Navarro believes partnerships between accountants and financial planning practices need to go beyond simple referrals.

“It can’t be ‘I refer you, you refer me’; there needs to be a deeper alignment,” she says.

“If the businesses are not aligned, it will never work.”

Creating this alignment lies at the core of the MLC Accountant Authority, the National Australia Bank-owned wealth management division’s new licensing offer for accountants.

“We have been establishing common ground,” says Navarro.

The new offer will be rolled out between now and July 2016, when accountants wanting to provide financial advice, including advice relating to self-managed super funds, will need to either hold an Australian financial services licence, or operate under an AFSL. The MLC offer gives accountants two distinct choices.

The first limits them to providing financial advice only on SMSFs. The other provides comprehensive authority to advise on broader areas, including investment and insurance products.

This supersedes the group’s earlier foray into the area, re-engaging with accountancy practices already identified and also reaching out to new practices.

Highlighting why such an approach is required, Navarro says: “You can’t afford to run a model where you haven’t got your eye on the ball.”

“If you really look at where things go wrong, behaviour evolves from business risk,” she says.

“What’s the stability of the business versus the stability of the advice?”

In terms of the scale MLC wants to achieve, Navarro says: “We’re not after massive numbers, but quality.”

Currently there are around 40 accountancy businesses in the program, which she estimates will grow to a maximum of between 200 and 300.

“We’re only interested in those practices with a long term approach,” she says.

A large number of Australian financial planning dealer groups are grappling with the issue of creating more systemised ways of engaging with accountants. Most of them clearly state they are seeking to be highly selective in choosing who they engage with.
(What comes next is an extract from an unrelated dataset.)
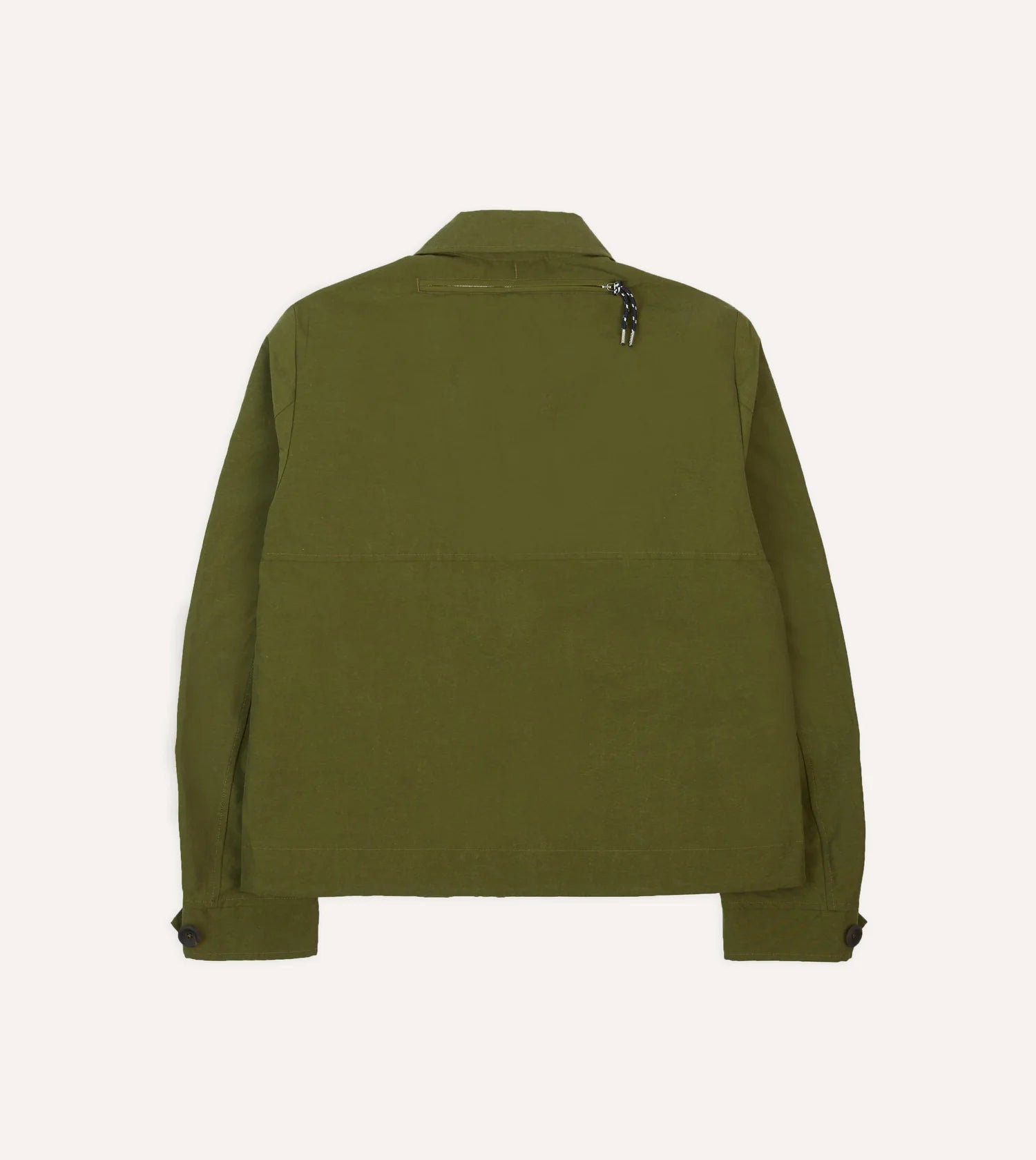 Cut from a Japanese blend of cotton and nylon, this jacket has a short, slightly boxy shape which lends it a nostalgic silhouette. With an adjustable waist, concealed hood and ample pocket space, it makes subtle nods to early 20th century flight jackets, and in turn, the track jackets seen in the early days of the Monaco Grand Prix.

Asked whether they can really all achieve this goal while still reaching a feasible scale, Navarro says, “I think there’s a decent size of the market that is already at that stage, in that category of accountants wanting to grow and evolve their business in this challenging environment”.
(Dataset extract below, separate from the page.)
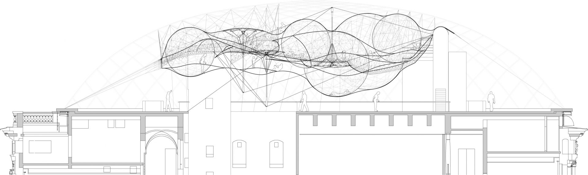 The installation appears as a surreal landscape: an ocean of clouds and floating planetary bodies. The physically accessible work is constructed of near-transparent steel mesh that interlaces three levels spanning the glass dome’s immensity. Five air-filled spheres open the layers of the net structure that encompasses an area of 2500 square metres.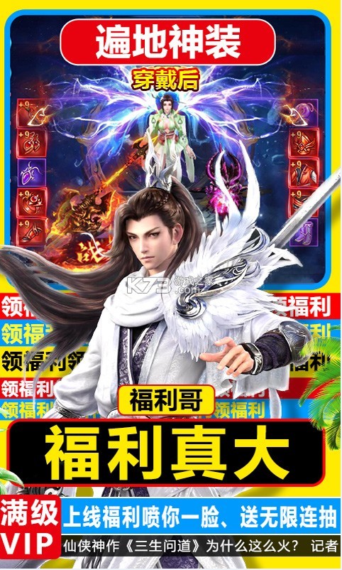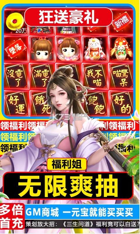 2.上线即得100000元宝,1500000绑元,1500000铜钱,秒升GM1,开启GM商城,开服无限充值活动天天抽充值卡!更有万元充值卡直接送!

“The critical thing is, those accountants wanting to partner to a group, it’s really about their philosophy [and their] different culture and alignment piece.

“It’s really important that they can select a group that’s right for them.”

For accounting firms considering moving into comprehensive advice, MLC also provides support across education and accreditation, practice development management and professional indemnity (PI) insurance.

According to Navarro, access to the limited authority model costs around $5,000 plus GST, not including the PI insurance. The comprehensive model will cost considerably more, though varies substantially from between licensees.